Kamis, 15 November 2018


We don’t want another Colombia
“The take over by Indonesia, with control of every aspect of economic and political life, has left its people a minority in their own country, repressed and subjugated,” said Lord Harries.

“Papuans are becoming foreigners and foreigners are becoming Papuans – and it is supported by the World Bank,” said Wenda, who lives in Oxford, where the local council is considering awarding him a ‘freedom of the city’ honour alongside Nelson Mandela. Back in Jakarta, he is considered a terrorist and someone BP has conspicuously avoided.

Critics argue that a truly ethical energy company would never have gone into West Papua. But BP claimed it would operate to the highest corporate social responsibility standards.

It did not want to repeat the public relations disaster of its involvement in Colombia in the late 1990s.

Back then, this reporter exposed how BP, working with ex-SAS private contractors, funded and shared intelligence with the Colombian security forces, who were responsible for ‘cleansing’ any hint of peaceful opposition around the oil fields of Casanare.

Unlike Colombia, West Papua has no foreign-backed and well-armed insurgency but a rag tag group of around 300 poorly trained men from the central highlands whose arsenal includes stolen guns and homemade spears.

BP accepts that the Organisasi Papua Merdeka (OPM) or Free Papua Movement does not operate in the Bintuni Bay region.

The greater threat comes from government security forces, says Yan Christian Warinussy, director of LP3BH, a local human rights organisation who BP asked to train its security guards between 2006 and 2008 as part of its ‘community based’ approach for Tangguh.

Since BP’s arrival, Warinussy said his organisation has logged a marked increase in reported incidents of violence in the Bintuni Bay area associated with disputes between BP security guards, other employees and contractors.
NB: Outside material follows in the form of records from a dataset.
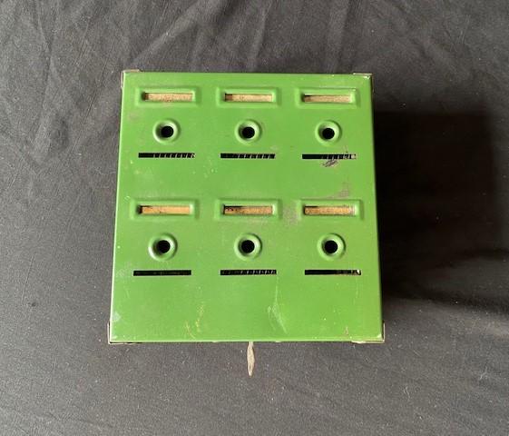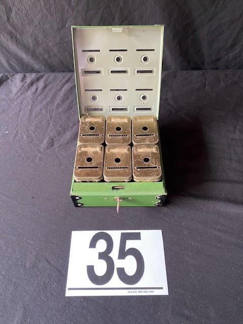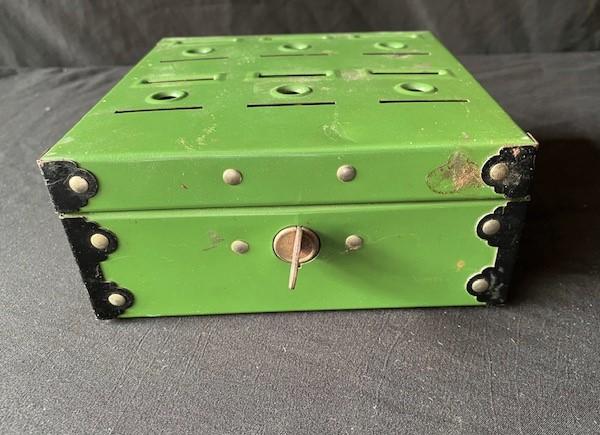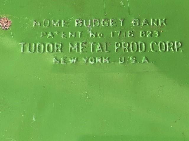 "Home Budget Bank". Metal box with key. Estimated weight of lot: 2lbs. Measurement: 6" 6" 2 1/2"
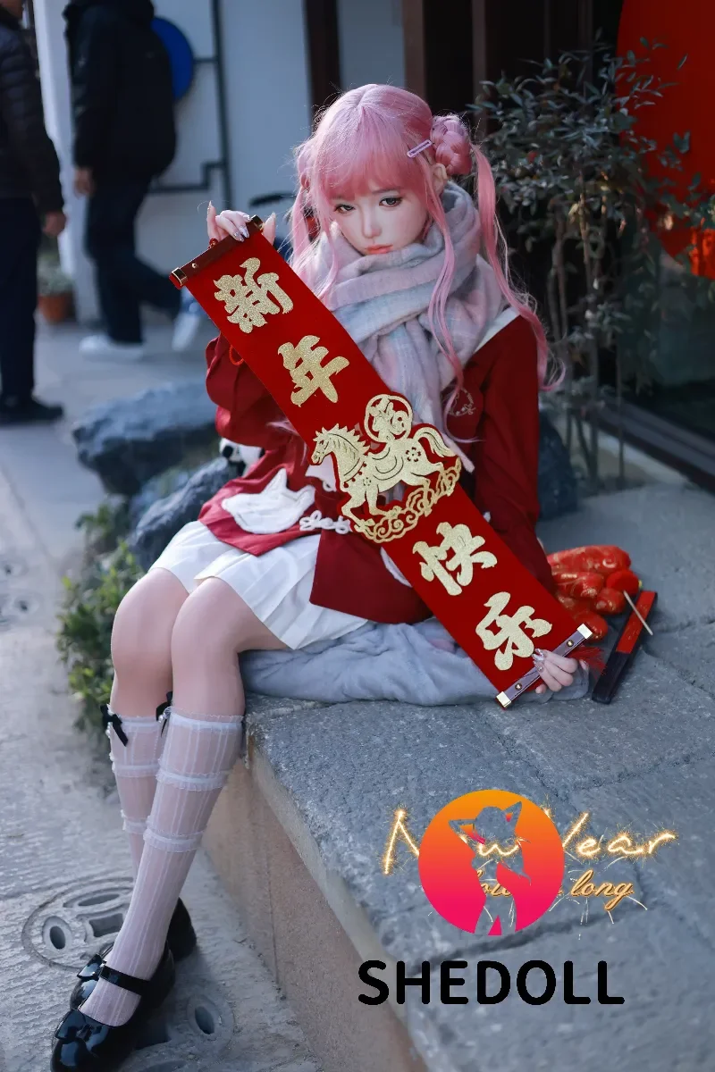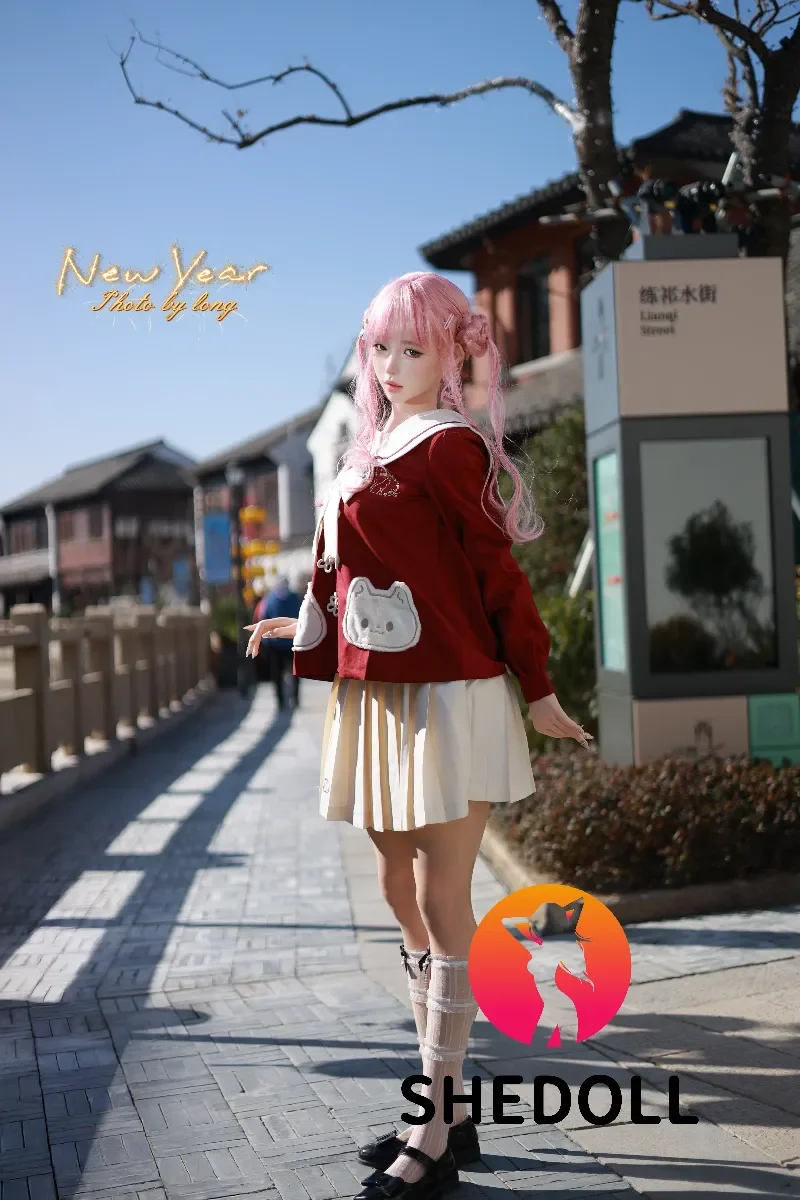 モデルさんは、ピンクの髪がすごく印象的で、ふんわりとした三つ編みが可愛らしさを引き立てています。赤いアウターに白いスカートを合わせていて、冬らしい暖かさと清潔感が共存していますね。首元のチェック柄のスカーフも、全体のアクセントになっていておしゃれです。
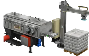 Our advanced automatic bag emptying machine uses cutting-edge automation technology to efficiently discharge materials from bags or sacks stacked on pallets. Automatic bag emptying machine is capable of handling full pallets with 25 kg bags, the machine uses a movable trolley to securely grab and thoroughly discharge each bag’s contents, achieving an impressive 99.9% effectiveness rate.
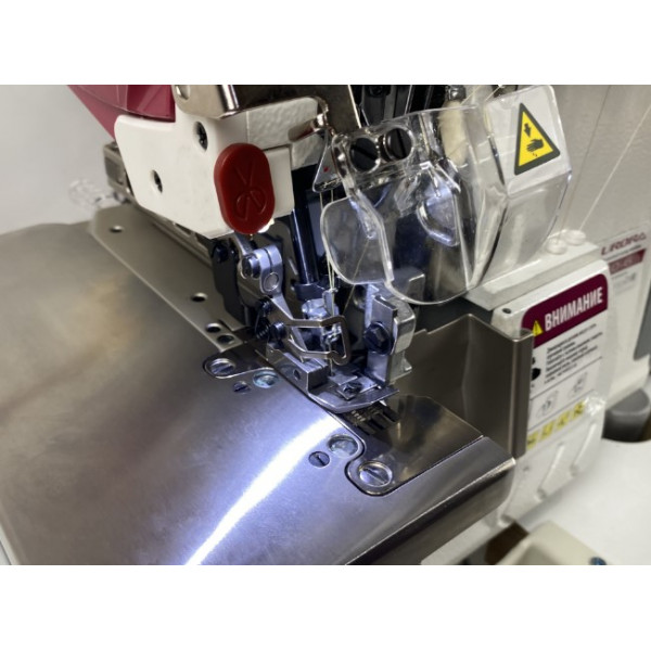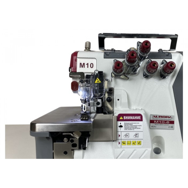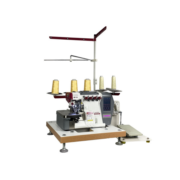 Современная портативная автоматизированная высокоскоростная шестиниточная трехигольная стачивающе-обметочная машина (6-ти ниточный оверлок) с автоматическим подъемом лапки и автоматический обрезчик ленты / цепочки нити за счет шагового двигателя, прямым сервоприводом, регулировкой скорости и позиционированием иглы, предназначен для обметывания цепным стежком краев деталей швейных изделий из легких и средних материалов.
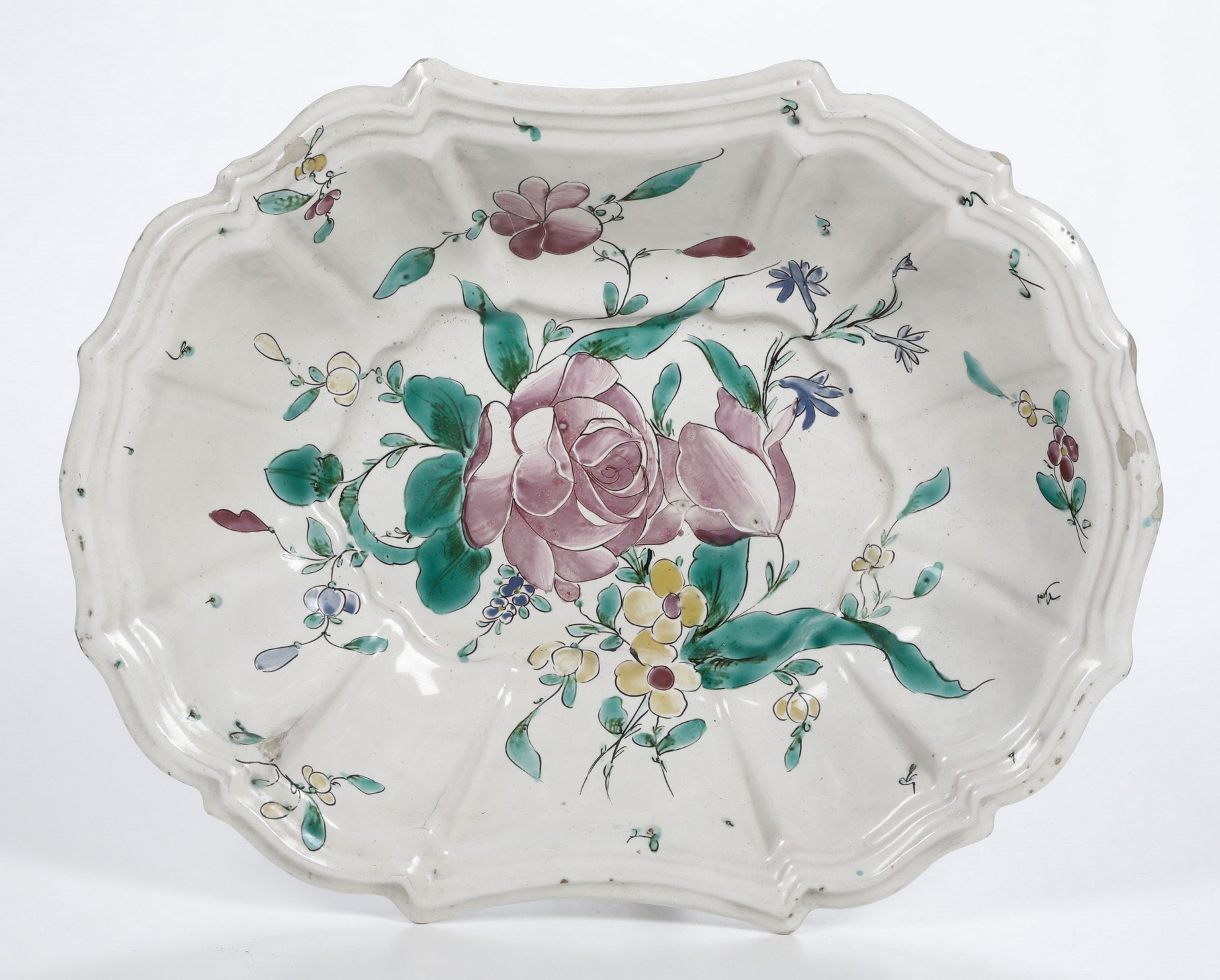 Il bacile dal bordo mistilineo e parete mossa è decorato con una rosa, un tulipano e fiori minori in policromia a piccolo fuoco “alla maniera di Strasburgo”: contorni tracciati velocemente disegnano la composizione di foglie e fiori dipinti con rapidi tocchi di pennello.

The disputes are over land, the environment and domestic violence. “We have data. The increase is 30% to 40%,” he said. By contrast, BP says it has not self-reported any human rights abuse allegations.

There are also labour rights problems inside the BP base, including racism by Indonesian contractors towards Melanesians. Contractors are expected to hire only indigenous people for unskilled labour, 93% for semi-skilled and 12% for skilled jobs.

When it started constructing its base, BP set up what it called the Tangguh Independent Advisory Panel, drawn from former US congressmen and a retired British diplomat. A Melanesian businessman, who ended up working for BP, was added to the mix.

The men – former U.S. Senator Tom Daschle, retired diplomat Gary Klein, and Augustinus Rumansara, a Papuan who chaired the Asian Development Bank – receive a salary for their time advising BP on a range of issues including recruitment. They fly to West Papua for just over a week to meet local power brokers, visit the base camp and model villagers before writing an annual report based on statistics supplied by BP that is published online.

The panel’s latest report and BP’s response to it accepts that the oil company is nowhere near meeting its target of a skilled Papuan workforce by 2029. The current level is just over 50% and the term ‘Papuan’ is not confined to Melanesians but migrants who have been living in the colony for 10 years. Recruitment programmes have all failed, the panel revealed, and after 15 years Melanesians are almost totally absent from higher skilled or supervisory roles.